It was written at feverish speed after Stevenson woke from a dream. He produced a draft that he showed to his wife who, it is thought, prompted him to burn it, though he brought it back to life, rewriting it twice in six weeks.
The 1885 manuscript which will go to the British Library reflects his obsessiveness. As ideas flowed, so did his pen, ignoring occasional grammatical and spelling mistakes as he struggled to get it all down.
Jamie Andrews, the exhibition's co-curator, said: "This is an incredibly interesting active draft. There's a sense of it stemming from a dream, the depths of the self. So the idea of this primal eruption of text is certainly there in the story, but then to publish something Stevenson really had to work it through to make it into that final version."
Andrews believes that explicit references to Hyde's sexual "vices" might have concerned Stevenson's wife because of his reputation as a writer of children's novels.
Andrews said of this draft: "It's a lot darker than the final version. This is the great psychological novel about a divided city and a divided self."
He added that, because Stevenson was hard up, it was suggested that he should write a chilling shocker, as they called them.
Commenting on Stevenson's softening of his original ideas, Andrews said that sometimes individual words, lines or paragraphs were deleted. "There's a sense of bits being too sensitive to be published." For example, Stevenson deleted the following line: "From an early age, however, I became in secret the slave of certain appetites." He replaced it with: "And indeed the worst of my faults was a certain impatient gaiety of disposition ... hard to reconcile with my imperious desire to carry my head high, and wear a more than commonly grave countenance before the public."
One of the exhibition themes examines how British landscapes permeate great literary works. Marking Dickens's bicentenary are pages from Our Mutual Friend - its first public show in Britain. Tanya Kirk, exhibition co-curator, said Dickens presented the Thames as a menacingly gothic place sustaining life but bringing death.

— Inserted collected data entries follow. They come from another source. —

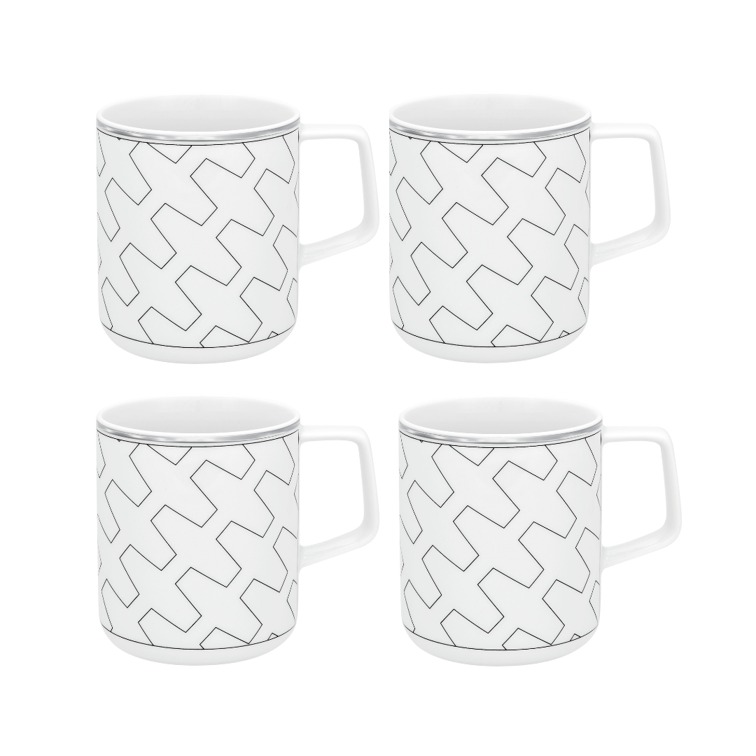 Mug. A contemporary dinner set with geometric lines in platinum. "Trasso" is the new contemporary decoration of the Silkroad model. Marked by architectural lines with geometric motifs demarcated in platinum, providing distinction and sophistication to the line. "Trasso" is a collection that has influences from various cultures leading you to enjoying moments of relaxation influenced by Eastern culture, combined with the sophistication of Western tableware lines.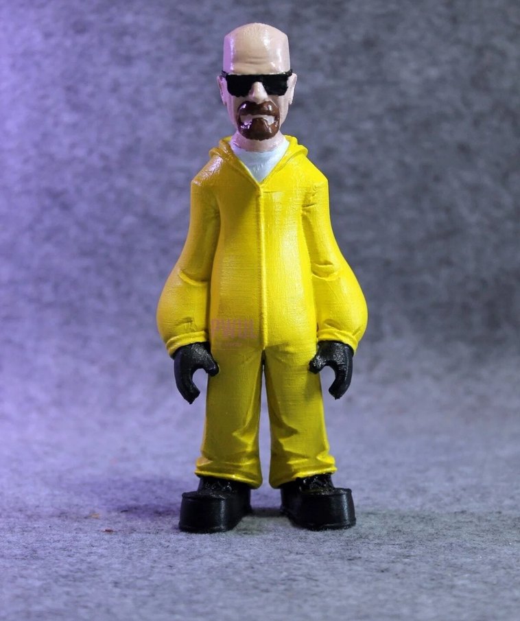 Siyah eldivenler ve güneş gözlüğü takan, koyu sarı tulum giymiş aksiyon figürü. 3d yazicida cikartilmistir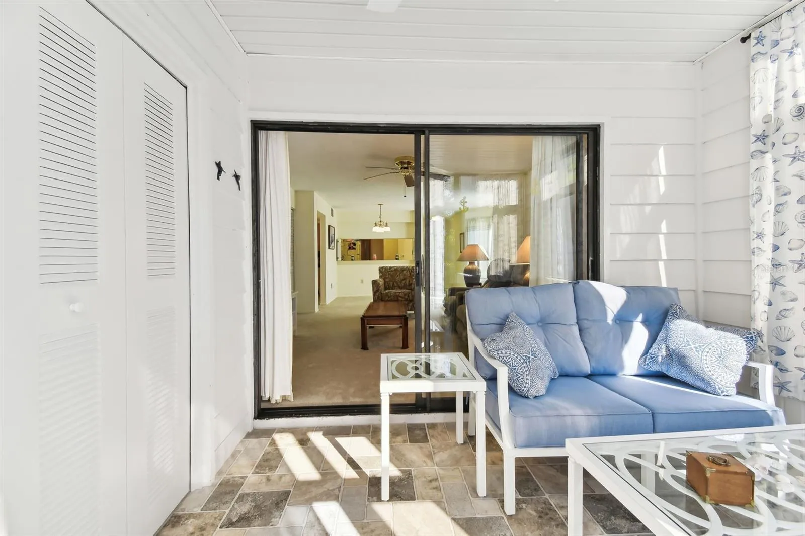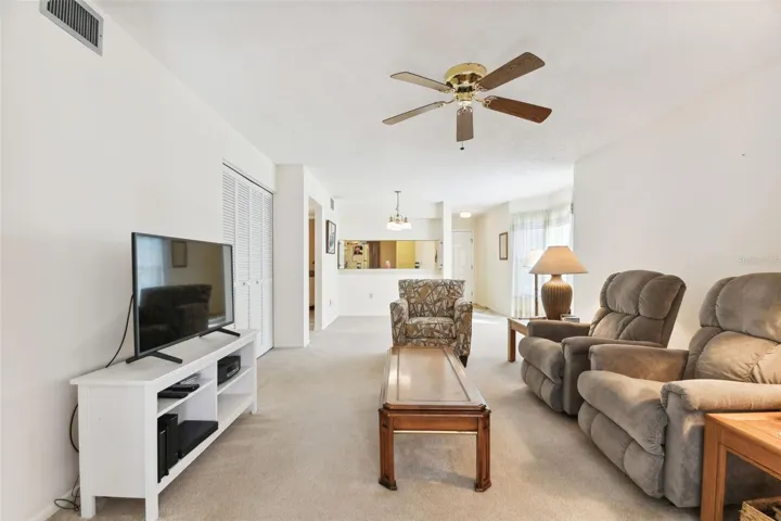 RARELY AVAILABLE FIRST-FLOOR END UNIT with a single-car garage in the highly desirable 55+ community of Country Village! This light-filled 2-bedroom, 2-bath condo offers the perfect blend of comfort, convenience, and peace of mind with thoughtful updates throughout. A charming bay window creates a cozy, welcoming atmosphere, while neutral finishes make it easy to move right in and add your own personal touch. The spacious primary suite features a beautifully updated bathroom with a walk-in shower—perfect for easy living. Guests will also feel right at home with their own tastefully refreshed bathroom. The kitchen includes newer appliances (refrigerator 2022, dishwasher 2024) and a cheerful breakfast nook where you can enjoy morning coffee or casual meals. Major updates already completed include impact windows and front door (2018), A/C (2022), and electrical panel (2022)—giving you peace of mind for years to come. Best of all, the enclosed lanai with its tranquil, park-like views is sure to become your favorite retreat—whether you’re starting the day with a quiet coffee or winding down in the evening with friends.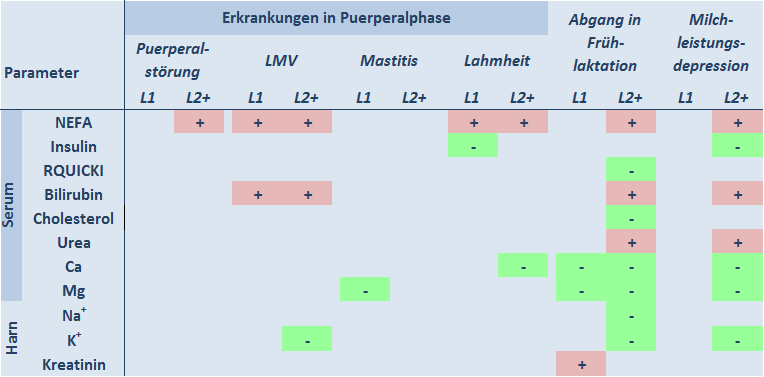 Tabelle: Präpartal gemessene Parameter in Serum oder Harn bei primiparen (L1) und multiparen (L2+) Kühen mit signifikanter Erhöhung (+) oder Verminderung (-) des Risikos für puerperale Erkrankungen, Abgänge oder Milchleistungsdepression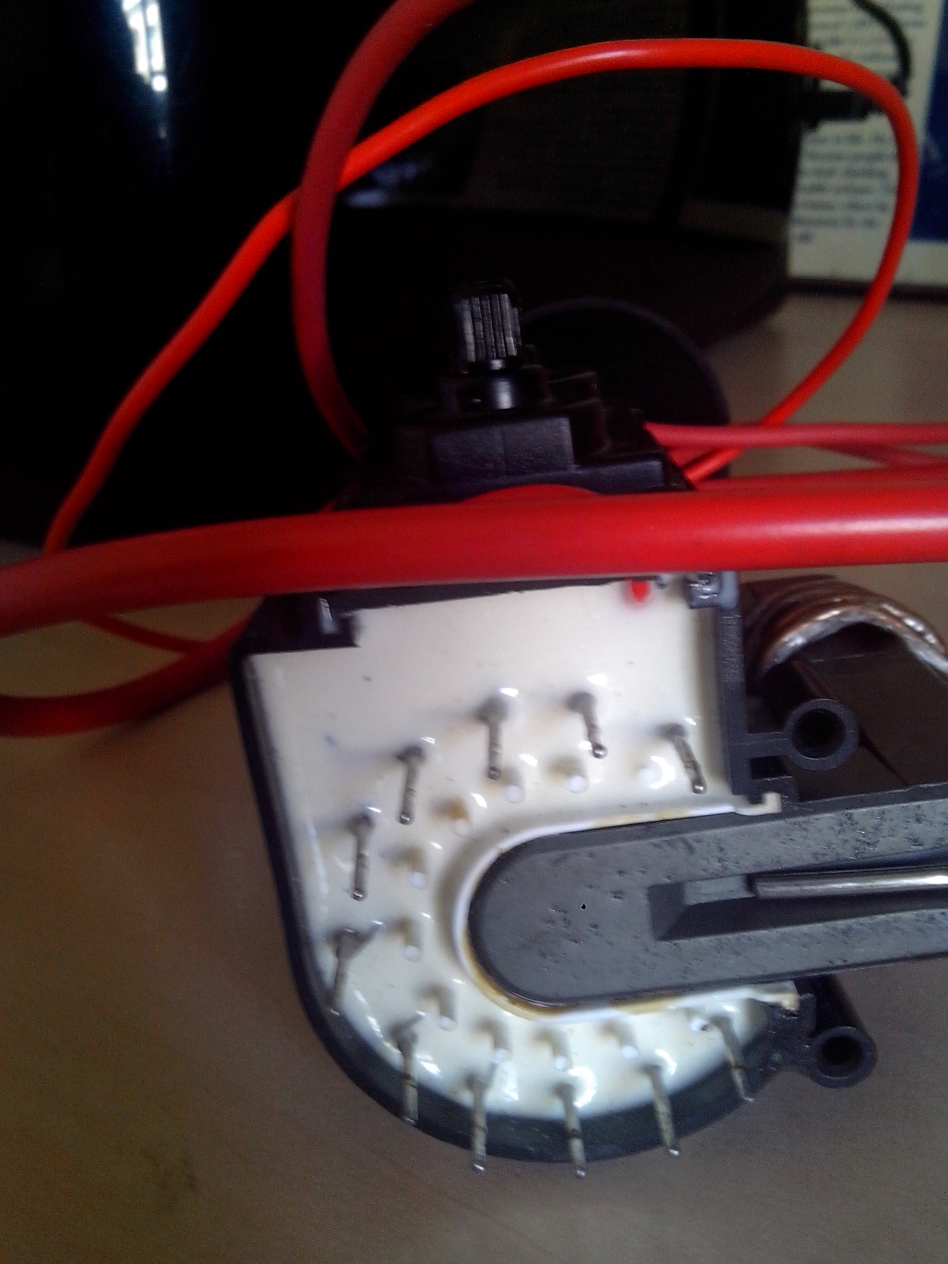 Now the step 0 is to identify the pins of this flyback. All of these have 10-11 pins from these you have to take out the 3 that are Primary(+), Primary(-) and High voltage ground. The high voltage output comes from that suction cup thing as you can see in the pics.
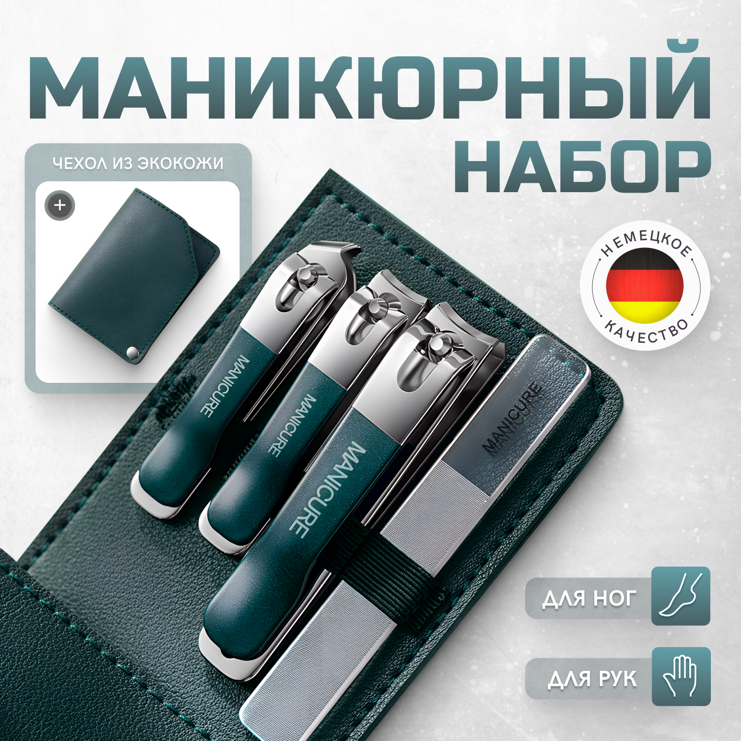 Маникюрные наборы Маникюрный набор подарочный 3 в 1 кусачки для ногтей и пилка, зеленый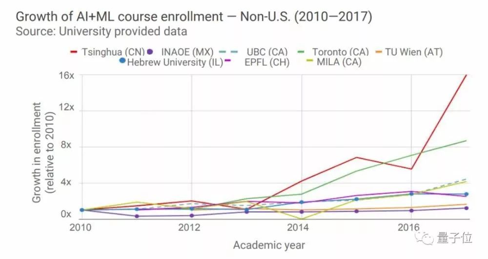 縱向?qū)Ρ葋砜?,清華2017年AI+ML課程注冊人數(shù)是2010年的16倍。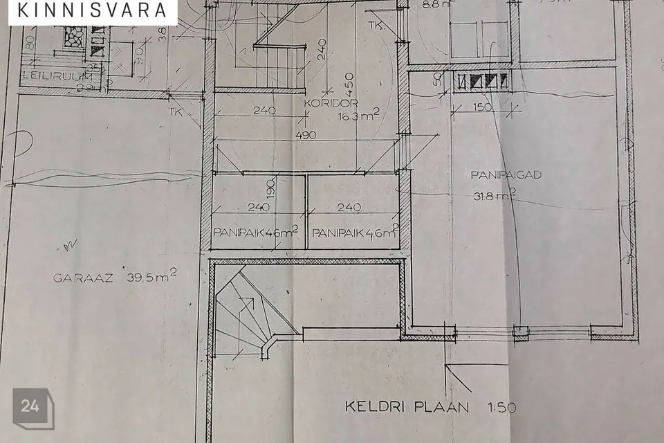 0 korrus: suur tuba, katlaruum, garaaž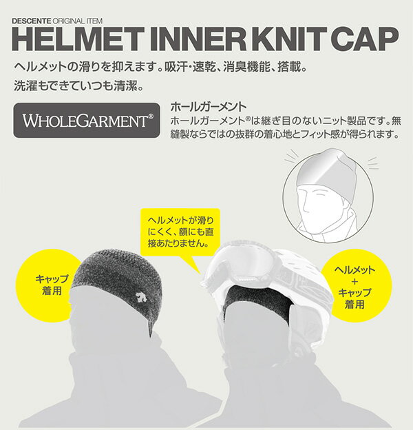 DESCENTE デサント ニット帽 ■HELMET INNER KNIT CAP/DCA-6113 〔ヘルメットインナー対応〕 FABRIC: バルキー綿混(アクリル57% 綿24% ナイロン12% ポリエステル6% ポリウレタン1%) ・HEAT NAVI ・WHOLEGARMENT ヘルメットインナー専用のニットキャップ。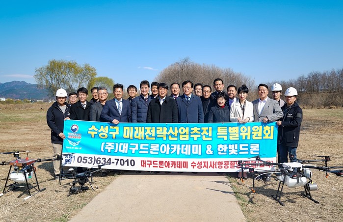 특위는 첫 번째 활동으로 지난 13일 14시 수성구 팔현마을 금호강 둔치에서 김대권 구청장, 수성구의회 의원, 드론아카데미 관계자 및 지역주민 등 50여명이 참석한 가운데 산업용 드론 시연행사를 개최하였다.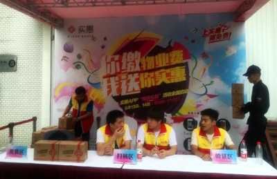 6月13、14日,申大物业联合易居实惠网在万源城E1开展缴物业管理费,得实惠大礼包活动,受到小区业主热烈响应。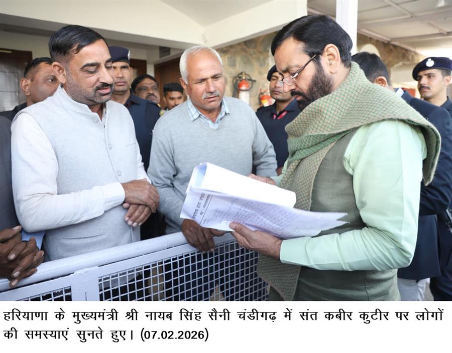 हरियाणा के मुख्यमंत्री नायब सिंह सैनी चंडीगढ़ में संत कबीर कुटीर आवास पर समस्याएं सुनते हुए February 7, 2026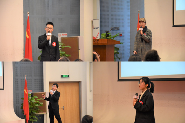 环科1701熊美昱同学从一个英文单词“Greatest”出发,以“E-热情”、“A-自律”、“G-成绩”、“R-科研”、“S-学生会”、“T-旅游/尝试”6个方面向观众展现自己。能环1701王耀锋同学以“风华书生气,天下寰宇心”为主题,分享他的大学经历,讲述他的进博故事。环卓1701江宏宇则在问答环节中,以自身经历阐述了台湾和上海学习习惯的异同,赢得评委好评。环科1701许可欣同学则不同于其他选手,从第三人称以一名侦探的身份从学习、科研、兴趣爱好等方面介绍自己,并在即兴演讲环节通过对中国加入WTO后意义的分析,引经据典,赢得了全场的掌声。环科1701梅言玉同学则以“幸运儿”为主线,在即兴演讲中畅谈“中国精神”,从什么是中国精神到中国精神的继承和发扬,以群众的角度阐述出自己对中国精神的认识。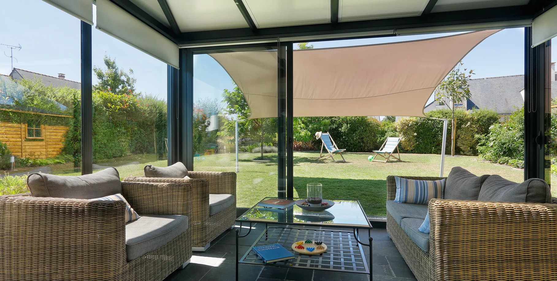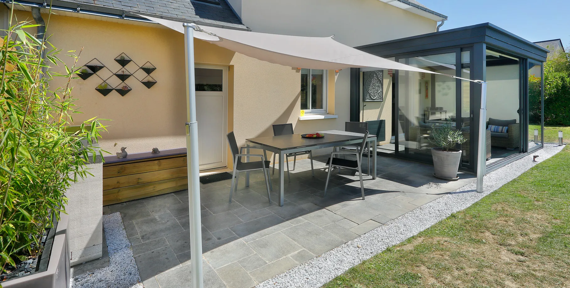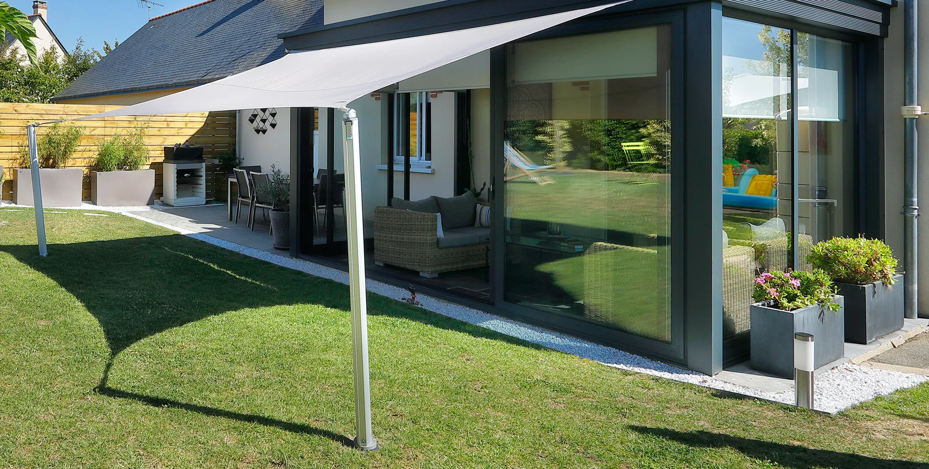 Cree su propia pérgola a medida, elegantemente diseñada y desmontable con una altura que se puede adaptar a la orientación del sol
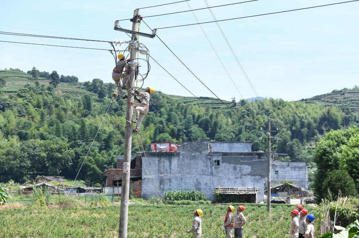 在經(jīng)過近一個半小時的高空作業(yè),作業(yè)人員順利將新增變壓器的線路連接到了10千伏村邊支線1號桿上,完成了此次帶電作業(yè)任務。下桿后的作業(yè)人員臉龐被曬得通紅,個個衣服全部濕透,接過同事遞過來的水,一口氣灌入口中。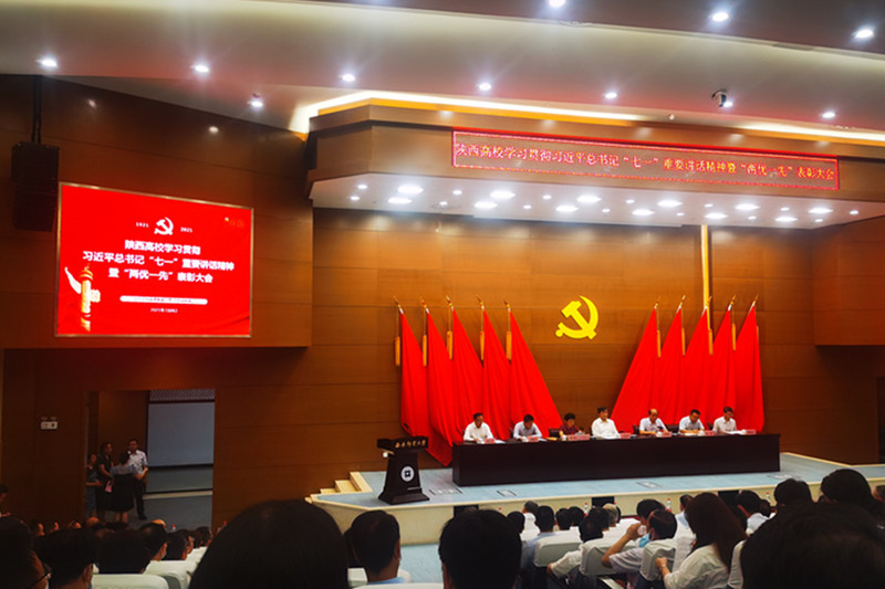 7月8日下午,省委教育工委在西安邮电大学长安校区逸夫报告厅召开陕西高校学习贯彻习近平总书记“七一”重要讲话精神暨“两优一先”表彰大会,我校党委书记张卫平,党政办、组织部相关人员和获奖代表参加了会议,会议由教工委陈乃霞副书记主持。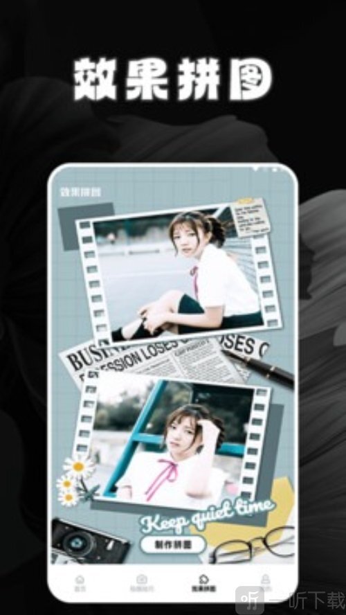 3. 拼图功能支持用户将多张照片合并,并且能够自定义背景、边框等元素。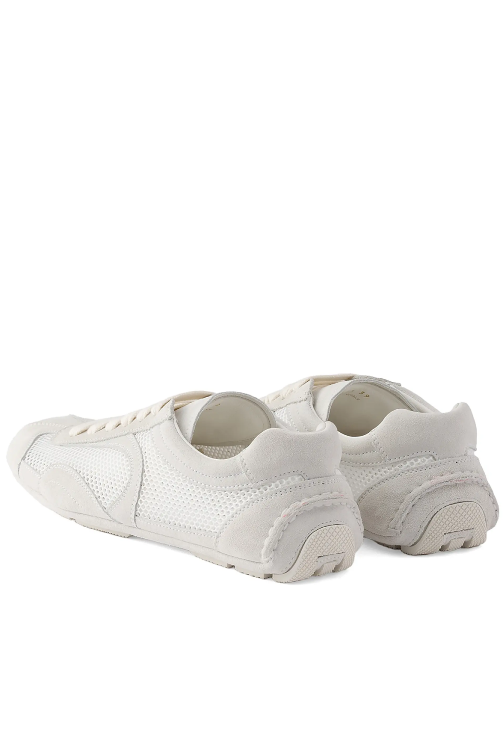 Мягкий верх выполнен из сочетания благородной замши и лёгкой сетки в универсальной белой расцветке, создающей ощущение воздушности и визуальной лёгкости. Низкий спортивный силуэт, благодаря которому кроссовки выглядят динамично и элегантно одновременно.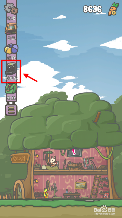 拍照机买下来后,在背包中和菜单栏城市呈现1个拍照机图标。

The pages to be displayed at the British Library come from the instalment saved from an 1865 rail crash by Dickens, who was hailed a hero for his role in rescuing the injured. The carriage in which Dickens was travelling through Kent was derailed and suspended over a collapsed bridge.
He risked his life in clambering back into the wreckage for passengers and the manuscript, its pages spattered with stains.
The exhibition will celebrate a superlative collection of literary works at the British Library spanning more than 1000 years by writers from Chaucer to Hanif Kureishi. Exhibits will include letters penned by John Keats, Charlotte Bronte and Ted Hughes never before displayed.